If they believe that uncontrolled 3rd-party clients would make it easier to breach their protocol (because they know their protocol's weaknesses), it would make sense to be openly hostile to 3rd-party clients.
If there's no third party client then the e2e is completely moot because Signal could be forced to push a backdoor to their customers and they would never know e2e has been removed.
How would a third party client make it easier to breach the protocol? You can still study the source of the client, the protocol, make a fork of it and modify it, etc. The official client is fully open source.
The argument for security for disallowing other clients would be being able to modify the protocol to patch out security issues without worrying about compatibility with other clients.
It's been about 4 years since I've used Briar, so take this with a grain of salt, but I found it extremely useful at an event where I was normally within WiFi distance of my friends, but we didn't have cell service. Like, we might be in the same conference room, just not actually near each other, and the site had shoddy internet service.
If we could connect to each other's phones as "hotspots," we could send messages over Briar that wouldn't get through any other way.
It also worked well with a local mesh net set up around the conference location for file sharing, but that didn't have internet access.
Not the intended use case from what I understand, but it worked surprisingly well, and better than the goTennas we tried the year before!
After a couple of years on Signal, I am starting to migrate back to WhatsApp for most usage, because Signal doesn't care about normal people who want to share family pictures with each other and expect those to be part of your photo stream.

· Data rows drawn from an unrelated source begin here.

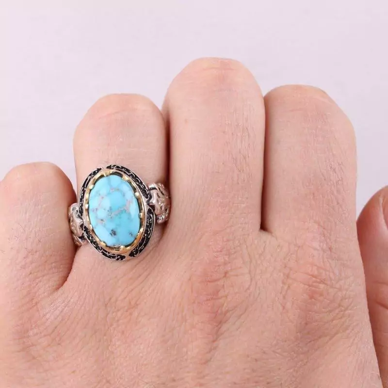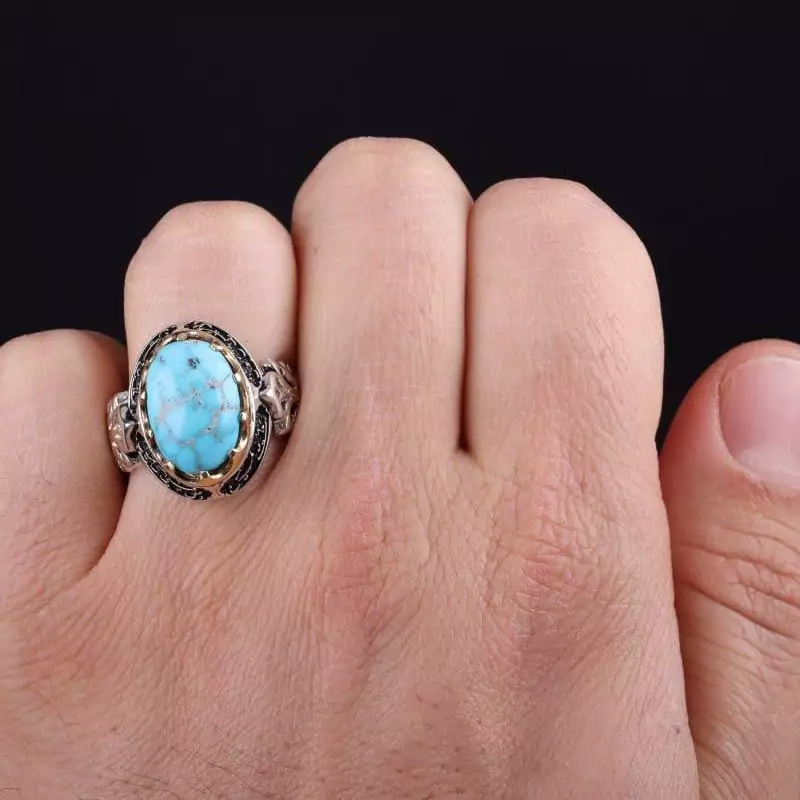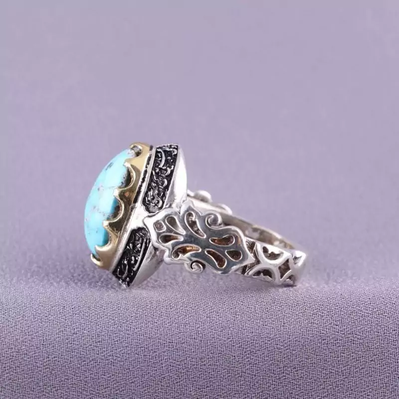 انگشتر مردانه فیروزه نیشابوری اصل دامله خوشرنگ قلمزنی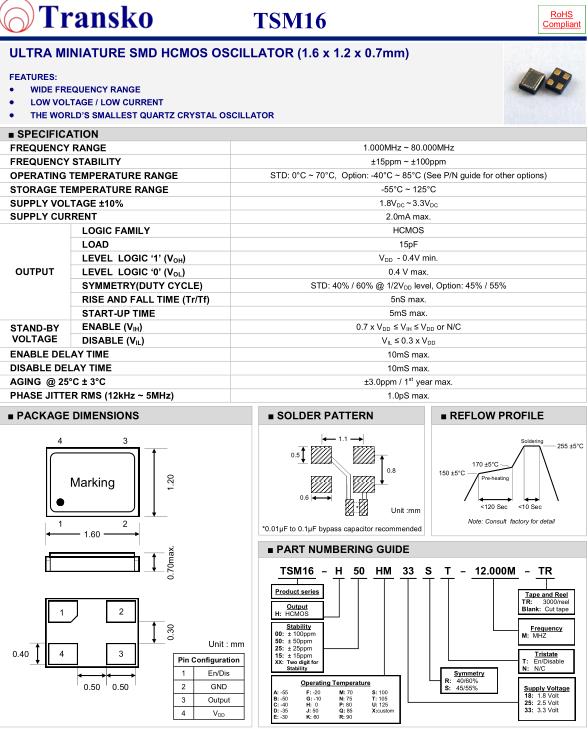 特蘭斯科晶振,TSM16晶振,TSM16-H50HM33ST-12.000M-TR晶振,小型SMD有源晶振,從最初超大體積到現(xiàn)在的7050mm,6035mm,5032mm,3225mm,2520mm體積,有著翻天覆地的改變,體積的變小也使產(chǎn)品帶來了更高的穩(wěn)定性能,接縫密封石英晶體振蕩器,精度高,覆蓋頻率范圍寬的特點(diǎn),SMD高速自動(dòng)安裝和高溫回流焊設(shè)計(jì),Optionable待機(jī)輸出三態(tài)輸出功能,電源電壓范圍:1.8V~5V,高穩(wěn)定性,低抖動(dòng),低功耗,主要應(yīng)用領(lǐng)域:無線通訊,高端智能手機(jī),平板筆記本W(wǎng)LAN,藍(lán)牙,數(shù)碼相機(jī),DSL和其他IT產(chǎn)品的晶振應(yīng)用,三態(tài)功能,PC和LCDM等高端數(shù)碼領(lǐng)域,符合RoHS/無鉛.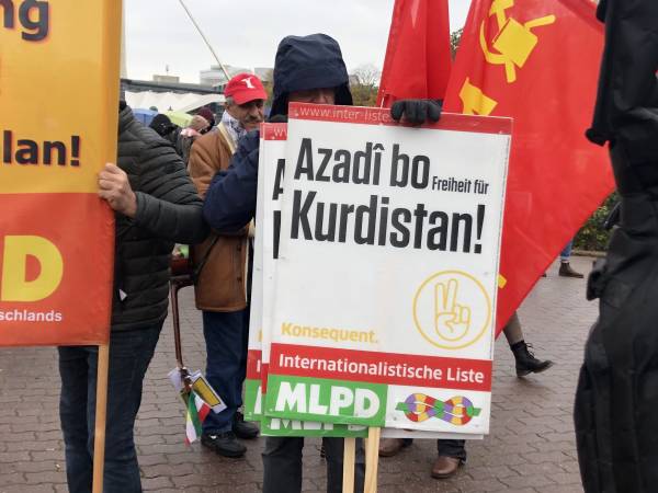 Partiya Komünist Almanya adına konuşan Serhat Çetinkaya ise “Rusya ve İran Kürtlere karşı bir olmuş, yardım edeyim derken daha çok Erdoğan’ın önünü açıyorlar. Kürtleri işgal ettikleri bölgelerden çıkartmak istiyorlar. Hepimiz Rojava için bir olmalıyız ve daha çok destek vermeliyiz” çağrısını yaptı.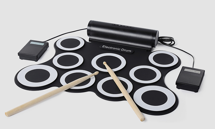 别小巧这一片薄薄的像坐垫一样的东西,敲击它就如同敲击真实的架子鼓一样,音色完全高度拟真。而且大小只有几十厘米,重量也相当的轻,可以放在家里各处,也可以带在身上随人们一起去到任何环境,不会占用多少空间。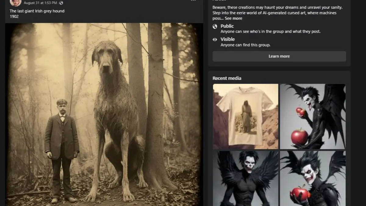 انشغلت مواقع التواصل الاجتماعي بصورة كلب صيد عملاق إيرلندي قيل أنها تعود للعام 1902. وجرى تداول الصورة بمختلف اللغات على اعتبار أنها نادرة، من ذلك الزمن، لكن متتبعي الحقائق على “السوشيل ميديا” سرعان ما اكتشفوا أن الصورة مركبة وتعود لبرنامج ذكاء اصطناعي.
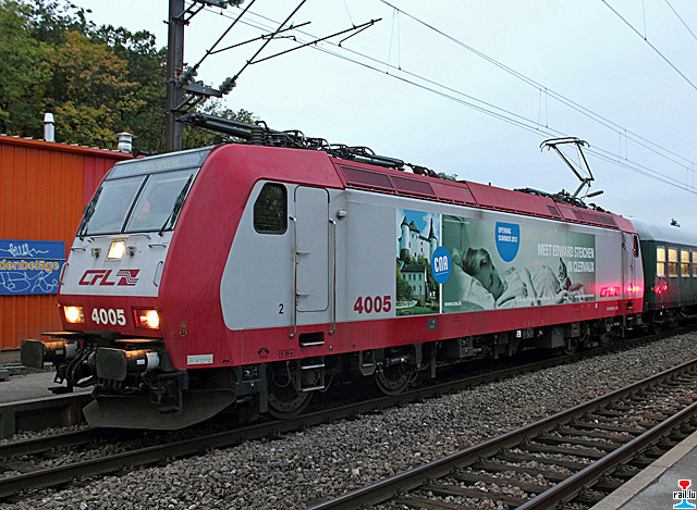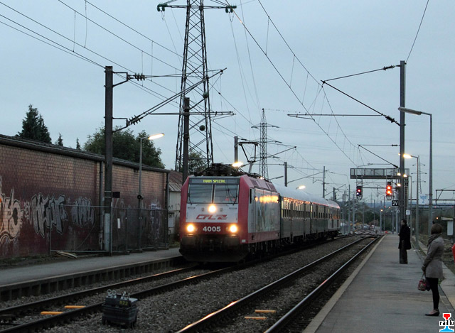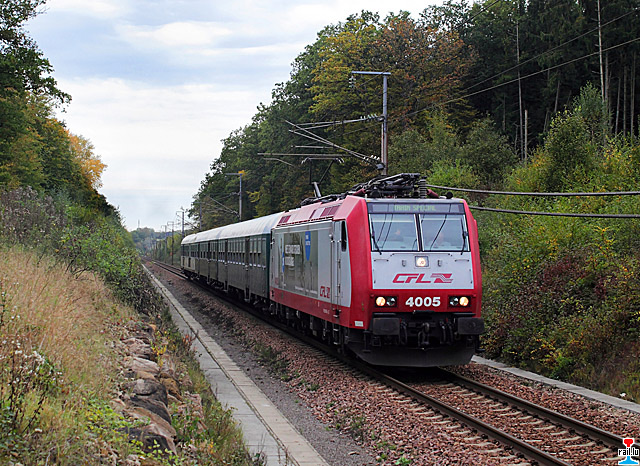 De Mëtten, respektiv den Owend ass d'CFL 4005 mat 2 Wegmänner an dem Rendez-Vous mat engem CIER - Sonnerzuch Waasserbelleg - Péiteng gefuer, hei zou Hollerech (Photos: 9.10.2012 Yves Gillander)

I can link photo albums, but relatives will just continue to message photos. I can't save them easily and lose date/time stamps, so that the high quality pictures do not benefit me.
Again, this is my experience after 4 years of Signal use. My photo library is just missing so many memories because of this.
It too has frequently prioritized features and usability over security. For example:
- Relying on SGX-based security for some of their features (e.g., gif search) while SGX has been thoroughly broken again and again
- Using phone numbers as account ids, which allows nation states to capture just one phone and immediately unmask the IRL identities of all other group chat members and contacts
Signal's authors have previously argued that it's better to give a some security to 100% of people than 100% of security to some people. Which is why they cooperated with WhatsApp on their encryption, or why they used phone numbers to ease adoption.
Matrix for example is doing exactly the same, just with a slightly different focus.
This narrow view of "Signal competitor" is more harmful than good.